Mediation of CHC Associations

Mediation analyses were considered exploratory; therefore, we report indirect effects of borderline significance (p<0.10) with full results available in Supplemental Table 4. hs-CRP partially mediated the association between grade 2+ vascular conditions and worse performance on sustained attention (39.6% variance mediated), motor processing speed (17.4%), and visual processing speed (70.9%). hs-CRP also mediated the association between endocrine conditions and visual processing speed (32.1%). hs-CRP partially mediated the association between pulmonary conditions and visual processing speed (25.7%) while IL-6 partially mediated the association between pulmonary conditions and visuomotor-processing speed (36.8%).

Discussion

In this, the first assessment of serum biomarkers in non-CNS-treated survivors of childhood cancer, we provide data to support the hypothesis that inflammation, oxidative stress, and folate physiology contribute to cancer-related neurocognitive impairment in long-term survivors of childhood HL. Compared to matched community controls, survivors of HL have higher concentrations of inflammation and oxidative stress 20 years post-diagnosis which are associated with neurocognitive dysfunction. hs-CRP was broadly associated with worse neurocognitive function, while IL-6 was specifically associated with worse visuomotor processing speed. Moreover, hs-CRP and IL-6 mediated associations between vascular or pulmonary CHCs and measures of attention and processing speed. Malondialdehyde and homocysteine were associated with worse neurocognitive function in multiple domains, which were not observed in community controls. Antineoplastic treatments may inhibit folate-dependent processing resulting in the accumulation of homocysteine in addition to significant oxidative damage. These data suggest systemic inflammation and oxidative stress is chronic in long-term survivors and may serve as a target for interventions to alleviate late cancer-related neurocognitive dysfunction.

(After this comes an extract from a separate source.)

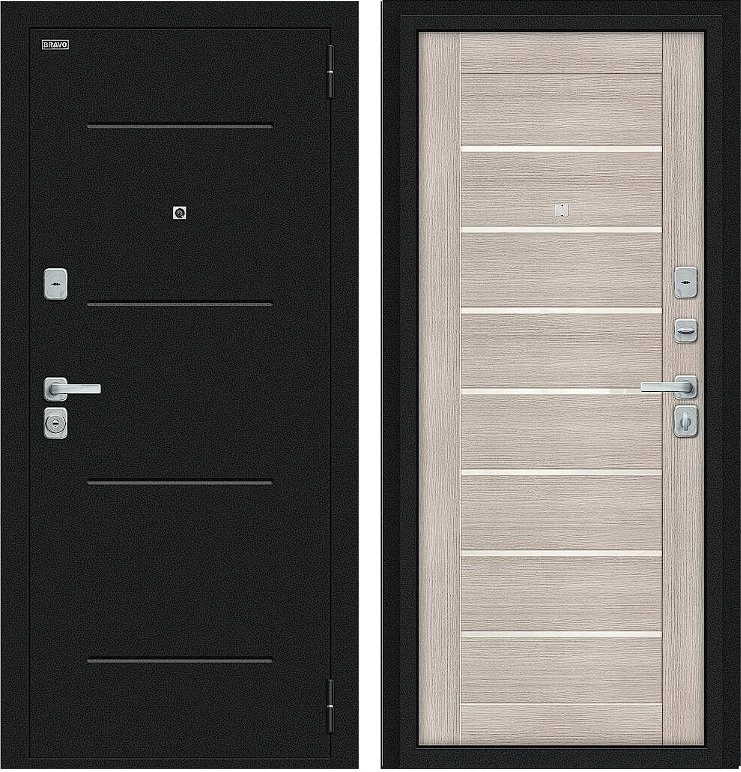 Надежная входная Дверь Браво Техно/BChrome Букле черное/Cappuccino Melinga премиум класса по цене 34 699 руб. Большая толщина стали защитит от проникновения в ваш дом, квартиру или коттедж. Используется очень качественная фурнитура: замки, цилиндры, ручки, защелки. Покрытие и отделка двери изготовлено под внимательным контролем производителя. Дверь имеет долгий срок службы и гарантию.

Similar to our findings, Cheung et al. report IL-6 and hs-CRP were associated with visuomotor processing speed and cognitive flexibility in adolescent survivors of acute lymphoblastic leukemia (ALL).[41] IL-6 and hs-CRP are also associated with deficits in processing speed and executive functions among breast cancer survivors.[6, 10, 42, 43] In our study, after adjustment for known confounders, hs-CRP was associated with worse performance on multiple measures of attention, processing speed, memory, and executive function. Importantly, these associations could not be replicated in community controls. These data implicate inflammation in the etiology of cancer-related neurocognitive impairment among non-CNS treated survivors of childhood cancer. High peripheral concentrations of pro-inflammatory cytokines can increase the permeability of the blood brain barrier, allowing cytokines to enter the CNS and activate microglia-related neuroinflammation, which decreases neurogenesis and can lead to neurocognitive impairment.[8, 11, 12] Assays for hs-CRP are routinely available, making it a useful biomarker to identify survivors at risk for neurocognitive dysfunction who may benefit most from an anti-inflammatory intervention to mitigate neurocognitive impairment.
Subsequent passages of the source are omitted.